Чтение онлайн

ЖАНРЫ

Школа любви

Казанцев Александр Иннокентьевич

Шрифт:

Вот ни души ведь рядом, стою, провалившись в позолоченную лунным светом грязь. А Елена там, в другом мире.

Вспомнится же такое, незначительное…

Клещ действительно оказался энцефалитным. Но обошлось: вовремя введенный гамма-глобулин помог. Человеческий.

Свалился с меня вскоре и еще один камень: на очередном собрании писатели почти единогласно указали Налиму на дверь — исключили из организации. Да, я понимал: свершилось это не только из-за меня, насолить успел он многим. Так и записано в протоколе: «…за многолетнюю клеветническую деятельность…» А все-таки был я растроган такой солидарностью, сказал Елене: «Вот видишь, зря ты их всех одним чохом!..»
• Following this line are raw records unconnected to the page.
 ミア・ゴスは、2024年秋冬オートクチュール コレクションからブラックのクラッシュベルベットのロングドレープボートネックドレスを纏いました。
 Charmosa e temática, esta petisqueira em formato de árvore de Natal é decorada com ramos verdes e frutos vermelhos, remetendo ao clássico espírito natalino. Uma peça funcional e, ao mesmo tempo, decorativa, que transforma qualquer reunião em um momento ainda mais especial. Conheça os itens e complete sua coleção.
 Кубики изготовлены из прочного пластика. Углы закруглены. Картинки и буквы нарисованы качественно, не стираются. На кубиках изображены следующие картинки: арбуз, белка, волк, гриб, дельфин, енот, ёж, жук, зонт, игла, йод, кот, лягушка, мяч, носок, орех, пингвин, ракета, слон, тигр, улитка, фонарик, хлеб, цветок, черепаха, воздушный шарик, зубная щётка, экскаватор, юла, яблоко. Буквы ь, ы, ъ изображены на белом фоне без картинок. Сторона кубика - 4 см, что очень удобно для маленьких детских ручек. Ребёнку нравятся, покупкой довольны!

— Так они, может, надеются, что ты на второй

срок согласишься остаться? — понимающе усмехнулась она. — Гляди, не надумай!

— Хватило мне по горло! — ответил я, но мысль запала: «А ведь и впрямь уламывать начнут… Устоять бы…»
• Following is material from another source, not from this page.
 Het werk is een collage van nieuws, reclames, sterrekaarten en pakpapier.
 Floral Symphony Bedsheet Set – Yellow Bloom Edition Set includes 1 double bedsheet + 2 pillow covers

Исключенный Налим не залег на дно — очередное письмо в газете опубликовал: вот, мол, налицо расправа за критику, стоило мне вскрыть темные делишки… И годы сталинские помянул: как уже бывало, мол, бездари писательского цеха гнобить начинают даровитого.

Уж ему-то, думаю, то время памятно, весь он из него…

Вот тогда-то я и не выдержал — ответил на выпад в той же газете, привел выписку из протокола, назвал Налима не только клеветником, но еще и матерым доносчиком, ссылаясь на папку его «сигналов», что хранится в писательской организации.

На другой же день он подал на меня в суд «за оскорбление чести и достоинства». А я, хватившись перед первым походом в судилище той самой злополучной папки, ее не обнаружил. Из сейфа пропала… Сколько же заплатил Налим секретарше моей?.. Меня-то она уже до отчетно-выборного списала…

Суд длился два года и вымотал меня так, что победе толком я и не порадовался…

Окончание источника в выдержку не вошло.